For oxygen recovery, cultures were briefly agitated after breaking the anaerobic seal, then placed at 4 °C, loosely capped, for 2 h before taking an identical fluorescence measurement in the flow cytometer. Data were analyzed with FlowJo (version 10.0.7).
Motility assays
Escherichia coli MG1655 cells were transformed with constructs by electroporation and grown overnight in liquid culture. Following published protocols (32), culture densities were adjusted to OD600 = 4 and 3 μl of culture was spotted onto agar plates containing 0.5% tryptone, 0.5% NaCl, 0.3% agar and 20 μM IPTG. Plates were allowed to air dry at room temperature for 30 min before being inverted and placed at 28 °C for 15 h. Plate images were analyzed with ImageJ (NIH, Bethesda, MD, USA).
RESULTS
Anaerobic growth affects GFP but not RNA aptamer fluorescence
To confirm that Spinach-based systems could function anaerobically, we expressed the aptamer in anaerobically cultured E. coli BL21 Star cells. Bacteria expressing the second-generation Spinach2 (13) exhibited 4.0-fold brighter fluorescence than bacteria expressing the oxygen-dependent GFP-LVA (Figure 1A). The LVA degron tag was added to ensure that measured fluorescence came from recently synthesized GFP (33). The fluorescence levels of cells expressing Spinach2, as well as those expressing the flavin-binding iLOV, remained consistent after cells were exposed to ambient oxygen. On the other hand, the fluorescence of GFP-expressing cells increased 13.2-fold after oxygen exposure, confirming its oxygen sensitivity and incompatibility with anaerobic applications.
Figure 1.
Fluorescence under anaerobic growth and oxygen recovery. (A) Average mean fluorescence intensity (MFI) measured by flow cytometry of E. coli BL21 (DE3) Star cells expressing GFP-LVA, iLOV or Spinach2 constructs. These cells also co-express an inactive enzyme WspR G249A to control for expression load to match later experiments (see Figure 5), where cells express both biosensor and enzyme. Solid bars denote fluorescence after anaerobic growth; patterned bars denote fluorescence after oxygen recovery. Data are from 3 independent replicates (50 000 cells/run) represented as mean ± SD. (B) Fluorescence activation of Vc2 and Spinach2 in vitro with different concentrations of c-di-GMP, as measured in relative fluorescence units (RFUs).
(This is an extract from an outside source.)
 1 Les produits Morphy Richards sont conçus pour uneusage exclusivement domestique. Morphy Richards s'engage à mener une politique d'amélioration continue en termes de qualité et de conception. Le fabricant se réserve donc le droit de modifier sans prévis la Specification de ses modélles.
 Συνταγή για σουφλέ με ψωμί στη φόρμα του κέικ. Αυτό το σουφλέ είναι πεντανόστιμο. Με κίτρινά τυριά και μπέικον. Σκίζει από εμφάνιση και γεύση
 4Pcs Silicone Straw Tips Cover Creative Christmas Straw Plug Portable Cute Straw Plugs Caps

Next, we considered whether the c-di-GMP biosensor Vc2 (16) could function anaerobically. Initial in vitro evaluation of Vc2, however, indicated that its maximum brightness was only 19.9% that of Spinach2, suggesting that the sensor would perform poorly in vivo under the challenging anaerobic conditions (Figure 1B). That fact, coupled with Vc2's slow fluorescence turn-on kinetics (16) (Supplementary Figure S1, Figure 3C), prompted us to develop second-generation Spinach-based biosensors for c-di-GMP.
Figure 3.
In vitro characteristics of second-generation biosensors. (A) Fluorescence activation of different biosensors constructs and Spinach2, with 0, 1 μM and 50 μM c-di-GMP. Data are from 3 independent replicates represented as mean ± SD. (B) Biosensor binding affinity measurements are shown as % maximum fluorescence, normalized for each biosensor, with titration of c-di-GMP at 3 mM Mg2+, 37 °C. Calculated dissociation constant values are shown. Data are from 3 independent replicates represented as mean ± SD. (C) Biosensor fluorescence turn-on kinetics are shown as % maximum fluorescence, which is normalized for each biosensor. Data shown are the means from 3 independent replicates. Error bars were omitted for clarity.
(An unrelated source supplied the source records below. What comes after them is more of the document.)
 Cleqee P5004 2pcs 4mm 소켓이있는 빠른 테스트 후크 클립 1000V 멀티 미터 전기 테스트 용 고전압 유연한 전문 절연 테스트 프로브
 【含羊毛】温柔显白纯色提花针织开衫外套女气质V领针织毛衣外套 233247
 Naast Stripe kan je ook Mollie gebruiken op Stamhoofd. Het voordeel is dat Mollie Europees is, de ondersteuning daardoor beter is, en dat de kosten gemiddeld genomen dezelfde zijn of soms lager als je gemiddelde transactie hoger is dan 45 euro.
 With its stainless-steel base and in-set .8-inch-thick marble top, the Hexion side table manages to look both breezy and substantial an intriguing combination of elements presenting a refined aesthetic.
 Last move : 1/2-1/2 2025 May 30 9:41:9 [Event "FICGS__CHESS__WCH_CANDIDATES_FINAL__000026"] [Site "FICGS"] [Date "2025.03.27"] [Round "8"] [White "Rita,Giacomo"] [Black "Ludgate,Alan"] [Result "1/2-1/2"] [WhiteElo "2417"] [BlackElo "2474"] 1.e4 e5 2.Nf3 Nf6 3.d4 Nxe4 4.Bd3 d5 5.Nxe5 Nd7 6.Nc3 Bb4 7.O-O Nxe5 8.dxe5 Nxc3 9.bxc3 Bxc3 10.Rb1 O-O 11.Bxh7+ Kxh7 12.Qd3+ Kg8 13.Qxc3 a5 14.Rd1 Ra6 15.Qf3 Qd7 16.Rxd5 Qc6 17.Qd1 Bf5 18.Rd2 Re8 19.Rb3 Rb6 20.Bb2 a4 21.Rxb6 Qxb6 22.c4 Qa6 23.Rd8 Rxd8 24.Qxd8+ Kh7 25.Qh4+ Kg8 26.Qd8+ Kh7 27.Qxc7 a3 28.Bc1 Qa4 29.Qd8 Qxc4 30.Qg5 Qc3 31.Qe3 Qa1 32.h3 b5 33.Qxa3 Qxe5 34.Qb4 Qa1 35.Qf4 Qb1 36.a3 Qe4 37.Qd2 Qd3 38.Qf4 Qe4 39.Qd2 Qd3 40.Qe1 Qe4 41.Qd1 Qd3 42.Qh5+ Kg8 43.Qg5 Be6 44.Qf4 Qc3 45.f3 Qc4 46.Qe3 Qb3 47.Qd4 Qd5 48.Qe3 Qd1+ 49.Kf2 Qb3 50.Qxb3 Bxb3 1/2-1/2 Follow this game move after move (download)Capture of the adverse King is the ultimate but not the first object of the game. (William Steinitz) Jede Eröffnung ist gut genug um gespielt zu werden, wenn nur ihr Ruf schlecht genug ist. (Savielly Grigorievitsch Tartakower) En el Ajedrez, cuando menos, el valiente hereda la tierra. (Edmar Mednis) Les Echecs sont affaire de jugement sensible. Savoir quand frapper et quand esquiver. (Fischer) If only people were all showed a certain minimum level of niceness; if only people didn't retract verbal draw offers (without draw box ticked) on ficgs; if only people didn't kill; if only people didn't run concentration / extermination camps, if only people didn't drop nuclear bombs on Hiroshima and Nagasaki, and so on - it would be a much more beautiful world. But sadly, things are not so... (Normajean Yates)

Phylogenetic and P2 stem screens identify four second-generation biosensors
We first screened other natural riboswitches as the ligand-binding aptamer. Bioinformatics analysis of riboswitches from the c-di-GMP-binding GEMM-I class yielded a phylogenetic sequence library, from which 52 sequences were selected for screening. Corresponding riboswitch-Spinach fusions were designed, synthesized and evaluated for fluorescence response to two concentrations of c-di-GMP (Figure 2, Supplementary Figure S2). Ct256-Spinach, derived from Clostridium thermocellum, and Dp17-Spinach, derived from Deinococcus proteolyticus, were selected for high fluorescence turn-on (4.3- and 3.3-fold, respectively, with 50 μM c-di-GMP) and fast fluorescence activation. These fold activation values are impressive given the low concentrations of the biosensors (30 nM) and represent a significant improvement over Vc2-Spinach, which exhibits only 1.5-fold turn-on under identically stringent conditions (3 mM Mg2+ and 37 °C).
Figure 2.
Screens identify four second-generation biosensors for cyclic di-GMP. Select data from the original GEMM-I-Spinach phylogenetic screen (Supplementary Figure S2) plotted with respect to background fluorescence (x-axis), defined as fluorescence with no c-di-GMP, versus fluorescence turn-on (y-axis), defined as ratio of fluorescence with 50 μM c-di-GMP over with no c-di-GMP. The original Vc2-Spinach and second-generation biosensors (Ct, Dp, Pl-A, Pl-B) are labeled as shown. Unlabeled points of corresponding shape and color indicate performance of original Spinach (not Spinach2) counterparts, as well as the original WT Pl transducer stem variant. Inset: General scheme for ligand-responsive RNA-based fluorescent biosensors. Full sequences are shown in Supplementary Table S2 and secondary structure models are shown in Supplementary Figure S5.
To further increase biosensor brightness, we replaced the dye-binding Spinach aptamer with the improved Spinach2 sequence that has 1.5-fold higher fluorescence than the original Spinach aptamer (13). Maximal fluorescence for Vc2-Spinach2, Ct256-Spinach2 (referred to as Ct) and Dp17-Spinach2 (referred to as Dp) were enhanced to similar extents over their Spinach counterparts (between 1.5- and 1.9-fold). Meanwhile, c-di-GMP binding affinity remained constant for Vc2 (Supplementary Figure S3). Vc2-Spinach2, Ct and Dp showed 2.9-, 6.7- and 6.0-fold fluorescence turn-on, respectively, at 30 nM biosensor and 50 μM c-di-GMP. In contrast, Spinach2 alone does not respond to c-di-GMP, nor do biosensors with mutations in a riboswitch stem that disrupt its folding (Ct-M and Dp-M) (Figure 3A).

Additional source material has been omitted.